The Graph of Finanzamter has 305 Tripel.


In [5]:
g = Graph()

g.parse("polizeidienststellen-2024-01-28.rdf", format="xml")

print(f"The Graph of Poliziendienstestellen has {len(g)} Tripel.")

The Graph of Poliziendienstestellen has 4189 Tripel.


### Q2. Schulen RDF File 

The dataset which I have selected is: https://opendata.schleswig-holstein.de/dataset/schulen-2024-01-31

In [6]:
# Load the RDF file
rdf_file_path = "schulen-2024-01-31.rdf" 

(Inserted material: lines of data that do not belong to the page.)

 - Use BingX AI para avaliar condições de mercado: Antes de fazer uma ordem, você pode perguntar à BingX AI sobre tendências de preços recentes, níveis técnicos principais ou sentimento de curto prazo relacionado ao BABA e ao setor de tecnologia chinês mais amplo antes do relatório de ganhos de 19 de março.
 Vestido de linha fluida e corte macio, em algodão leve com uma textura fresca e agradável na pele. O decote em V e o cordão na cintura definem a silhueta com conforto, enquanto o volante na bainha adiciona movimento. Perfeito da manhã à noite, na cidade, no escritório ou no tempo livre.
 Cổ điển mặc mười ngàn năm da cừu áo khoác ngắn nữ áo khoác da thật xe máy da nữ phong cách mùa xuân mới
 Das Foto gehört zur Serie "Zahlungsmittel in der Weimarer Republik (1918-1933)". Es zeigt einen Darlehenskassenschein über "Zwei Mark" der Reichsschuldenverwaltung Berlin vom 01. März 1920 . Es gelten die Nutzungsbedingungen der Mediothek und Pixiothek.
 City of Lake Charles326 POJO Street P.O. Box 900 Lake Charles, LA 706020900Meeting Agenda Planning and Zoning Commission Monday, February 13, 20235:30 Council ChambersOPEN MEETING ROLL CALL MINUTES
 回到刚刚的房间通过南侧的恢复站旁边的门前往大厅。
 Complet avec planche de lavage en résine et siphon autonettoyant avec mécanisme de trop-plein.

# Create an RDF Graph and parse the RDF file
graph = Graph()
graph.parse(rdf_file_path, format="xml")  

# Print the number of triples in the graph
print(f"Graph has {len(graph)} triples.\n")

# Analyze namespaces in the RDF file
print("Namespaces detected in the RDF file:")
for prefix, namespace in graph.namespaces():
    print(f"Prefix: {prefix}, Namespace: {namespace}")

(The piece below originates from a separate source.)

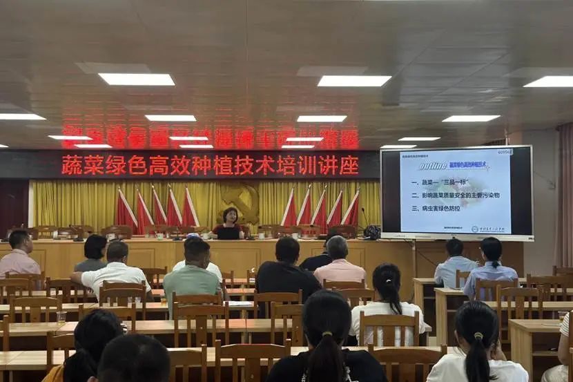 培训会上,三位专家倾囊相授,带来 “含金量” 十足的农业知识 “干货”。宋佳歌教授以《食用菌高产高效种植技术》为主题,结合大量实践案例,从食用菌菌种的科学选择、栽培环境的精准调控,到病虫害的有效防治,进行了深入浅出的讲解,毫无保留地将提升食用菌产量与品质的核心技术传授给农户;陆美莲副教授聚焦《蔬菜绿色高效种植技术》,着重介绍了生态种植模式、绿色防控手段以及科学施肥方法,引导农户摒弃传统种植思维,踏上绿色可持续的农业发展新征程;张荣副教授围绕《荔枝高效栽培关键技术要点》,从荔枝果园的精细化管理、科学的修剪整形,到保花保果的关键措施、病虫害的综合防控,进行了全面系统的阐述,为荔枝种植户送上专业实用的技术指南。与会听众全神贯注,认真聆听,不时低头记录重点内容,遇到疑问时踊跃提问,专家们则耐心细致地一一解答,现场互动氛围热烈非凡。

# Check if 'schema.org' is used
schema_namespace = "http://schema.org/"
if any(schema_namespace in str(namespace) for _, namespace in graph.namespaces()):
    print("\nThe data schema 'schema.org' is used in this RDF file.")
else:
    print("\nThe data schema 'schema.org' is NOT used in this RDF file.")



Graph has 24754 triples.

Namespaces detected in the RDF file:
Prefix: brick, Namespace: https://brickschema.org/schema/Brick#
Prefix: csvw, Namespace: http://www.w3.org/ns/csvw#
Prefix: dc, Namespace: http://purl.org/dc/elements/1.1/
Prefix: dcat, Namespace: http://www.w3.org/ns/dcat#
Prefix: dcmitype, Namespace: http://purl.org/dc/dcmitype/
Prefix: dcterms, Namespace: http://purl.org/dc/terms/
Prefix: dcam, Namespace: http://purl.org/dc/dcam/
Prefix: doap, Namespace: http://usefulinc.com/ns/doap#
Prefix: foaf, Namespace: http://xmlns.com/foaf/0.1/
Prefix: geo, Namespace: http://www.opengis.net/ont/geosparql#
Prefix: odrl, Namespace: http://www.w3.org/ns/odrl/2/
Prefix: org, Namespace: http://www.w3.org/ns/org#
Prefix: prof, Namespace: http://www.w3.org/ns/dx/prof/
Prefix: prov, Namespace: http://www.w3.org/ns/prov#
Prefix: qb, Namespace: http://purl.org/linked-data/cube#
Prefix: schema, Namespace: https://schema.org/
Prefix: sh, Namespace: http://www.w3.org/ns/shacl#
Prefix: skos, Na

The dataset contains a variety of details about each school, including:**

**Geographic information:** Several schools have specific geographic data such as zip codes and coordinates listed to show where the school is located. 

**Offerings and Services:** Some schools have specific offerings and services linked to specific service identifiers through the schema:makesOffer relation, indicating that the schools provide various educational and support services.

**Administrative and functional data:** Data such as the job title Head of School shows the administrative and functional aspects of the school organization. The use of email addresses for communication purposes is also documented.

**Coverage areas:** The predicate schema:areaServed indicates that information is available on the spatial responsibility of schools serving specific local or regional areas.

This information provides a basic insight into the structural and operational organization of schools in Schleswig-Holstein, based on the data presented in RDF format.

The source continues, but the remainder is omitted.